DATA SEGMENT:
********
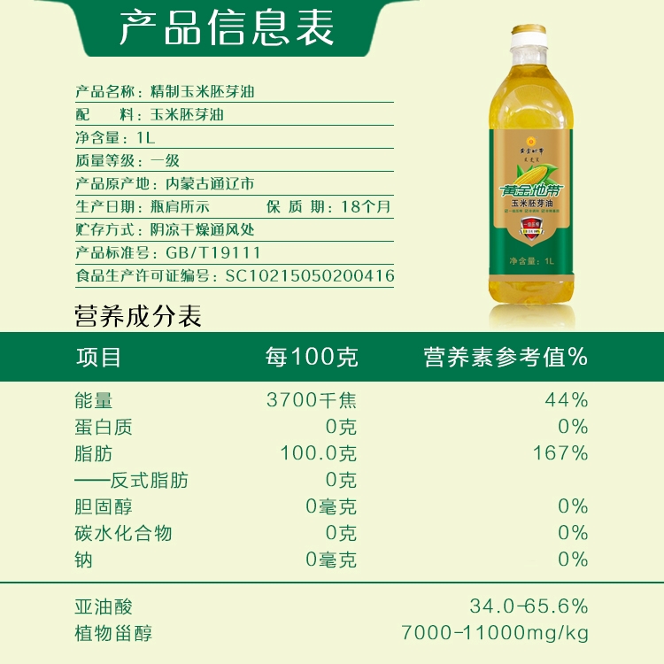 非調(diào)和——黃金地帶”玉米胚芽油不調(diào)和其他油種,是100%純玉米胚芽油;
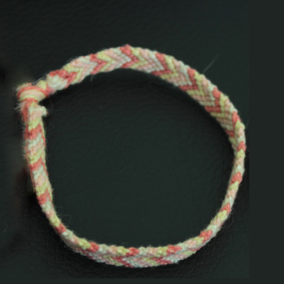 Recommencez ces étapes en pensant bien à faire des noeuds à l'endroit sur les fils de gauche et des noeuds à l'envers sur les fils de droite. Continuez jusqu'à faire le tour entier de votre poignet (ou cheville ...)
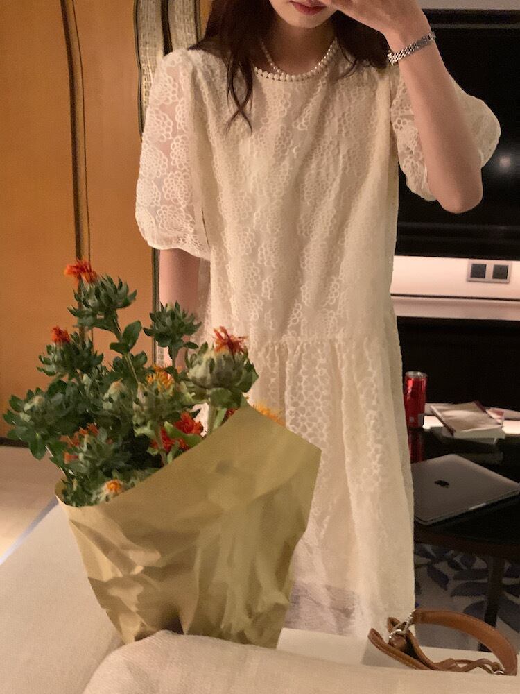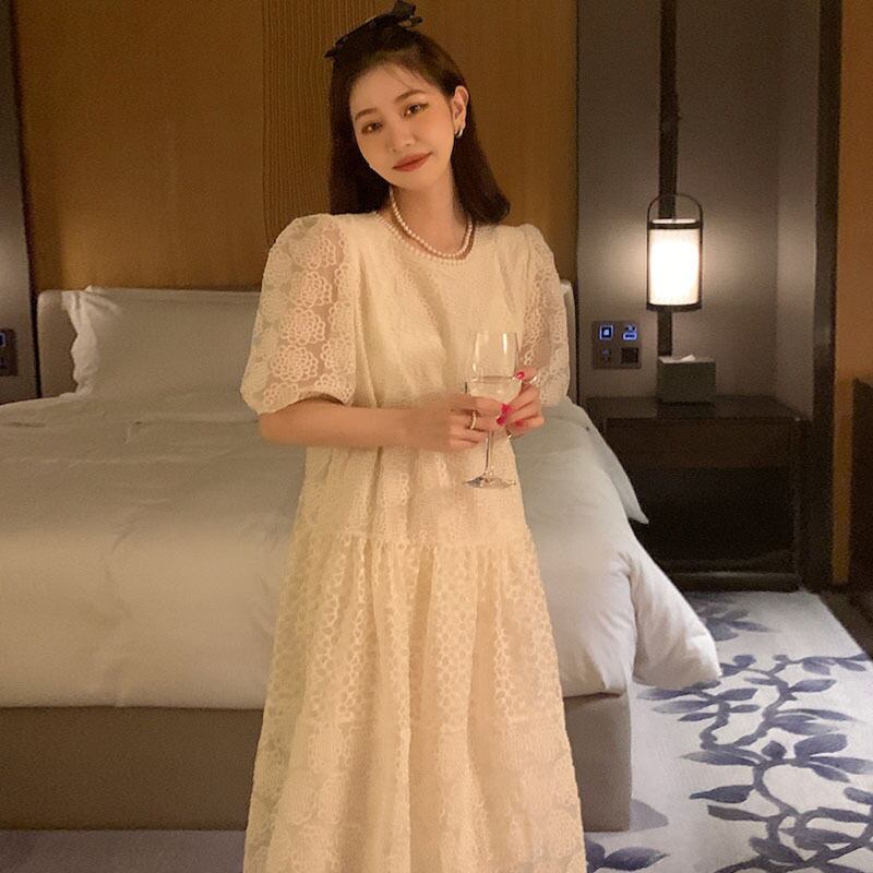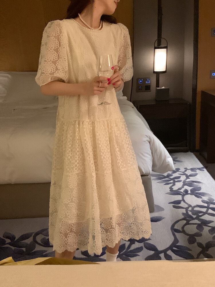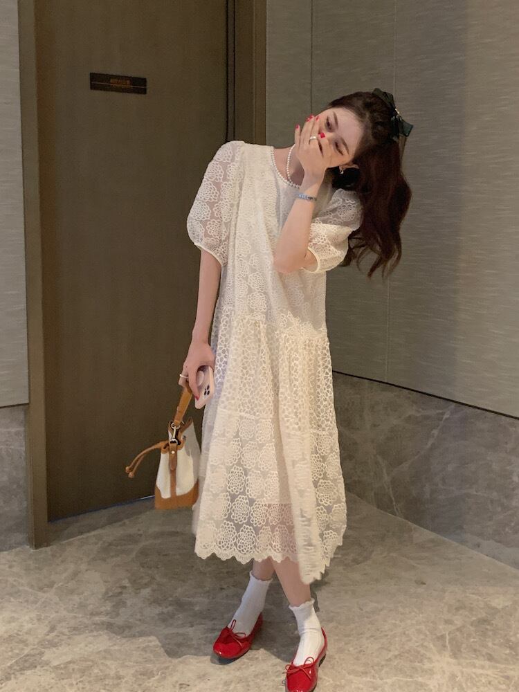 サマーラウンドネックレースジャカードルーズスリーブドレス 夏物 Oネック 5/3 春夏 SS Neploe mi4630109087492
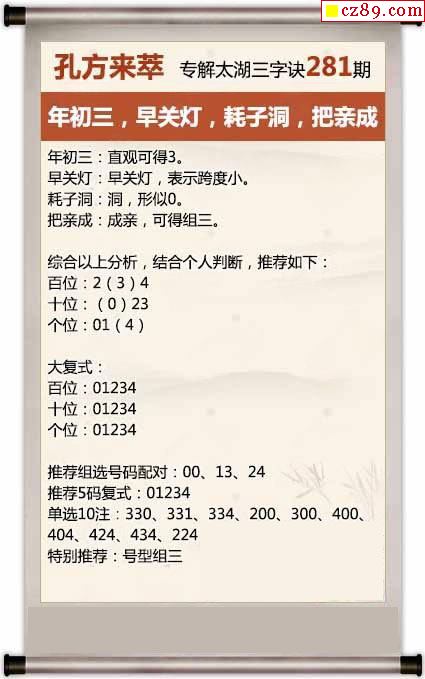 25年281期3d字谜太湖钓叟三字诀《保真》
********
In the copy, omit the pictures and give every line of the data exactly.

 非調(diào)和——黃金地帶”玉米胚芽油不調(diào)和其他油種,是100%純玉米胚芽油;
 Recommencez ces étapes en pensant bien à faire des noeuds à l'endroit sur les fils de gauche et des noeuds à l'envers sur les fils de droite. Continuez jusqu'à faire le tour entier de votre poignet (ou cheville ...)
 サマーラウンドネックレースジャカードルーズスリーブドレス 夏物 Oネック 5/3 春夏 SS Neploe mi4630109087492
 25年281期3d字谜太湖钓叟三字诀《保真》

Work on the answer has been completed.